Eine Familie und ihr Haus Die geheime Geschichte des Düsseldorfer Standesamts
Im Standesamt an der Inselstraße heiraten die Düsseldorfer seit 1945. Das Gebäude wurde 1898 fertiggestellt – als Wohnhaus der Familie Lenzberg. Ihr trauriges Schicksal ist kaum bekannt, die Stadt Düsseldorf pflegt ihre Erinnerung bislang nicht.
Geplant hatte das prächtige Haus Josef Kleesattel, ein Stararchitekt seiner Zeit, der für das stark wachsende Düsseldorf allein neun Kirchen entwarf.
Die Fassade ist reich verziert.
Anna und Hugo Lenzberg in ihrem Garten. Sie wurden 1860 bzw. 1865 geboren und waren Juden. Sie hatten sich als Erwachsene evangelisch taufen lassen, Hugo Lenzberg wäre die preußische Beamtenkarriere als Richter sonst versperrt gewesen.
Die Familie Lenzberg machte ihr Haus zu einem kulturellen Treffpunkt. Daran erinnert eine Gedenktafel. Die Verfolgung der Familie wird nicht erwähnt.
Anna Lenzberg ist eine geborene Beer und wuchs in der Villa Franzenshöhe in Essen-Werden auf. Ihr Vater Moritz war Bankier.
Die Lenzbergs hatten zwei Kinder. Anne Marie war eine erfolgreiche Sopranistin, die viele Konzertreisen machte. Gegen eine Bühnenkarriere in einem Opernensemble hatte sich der Vater ausgesprochen. Beide, Vater und Tochter, starben an Leukämie.
Anne Marie heiratete den ungarischen Baron Zigismond von Huszar und überlebte den Krieg in Budapest.
Das Paar hatte eine Tochter, genannt Lia.
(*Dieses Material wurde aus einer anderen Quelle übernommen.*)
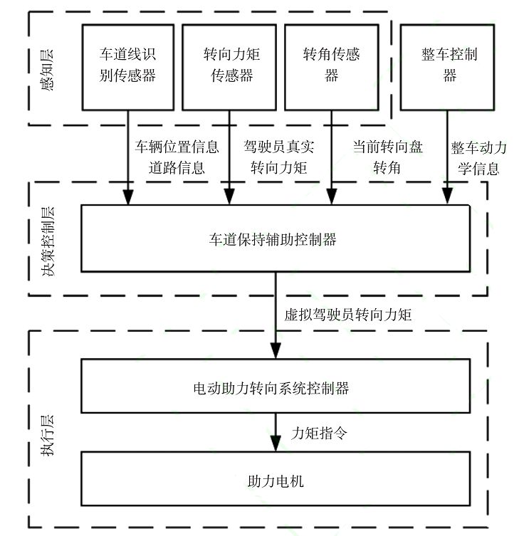 LKA 系统可分为感知层、决策控制层和执行层三部分 [11],如图 1 所示:

Sie wurde als Kind gemalt.
Hugo und sein Sohn Karl nahmen als Soldaten am 1. Weltkrieg teil.
Karl Lenzberg mit seiner Frau Hilde nach dem Krieg in Düsseldorf. Er hatte als Psychiater gearbeitet. Die Nazis verwüsteten bei der Reichspogromnacht sein Haus an der Freiligrathstraße. Er emigrierte nach Venezuela.
Der Aufgang zur ersten Etage im heutigen Standesamt, wo sich einst fünf große Zimmer befanden.
Das schöne Treppenhaus in der ersten Etage dient vielen Paaren für Fotos nach der Zeremonie.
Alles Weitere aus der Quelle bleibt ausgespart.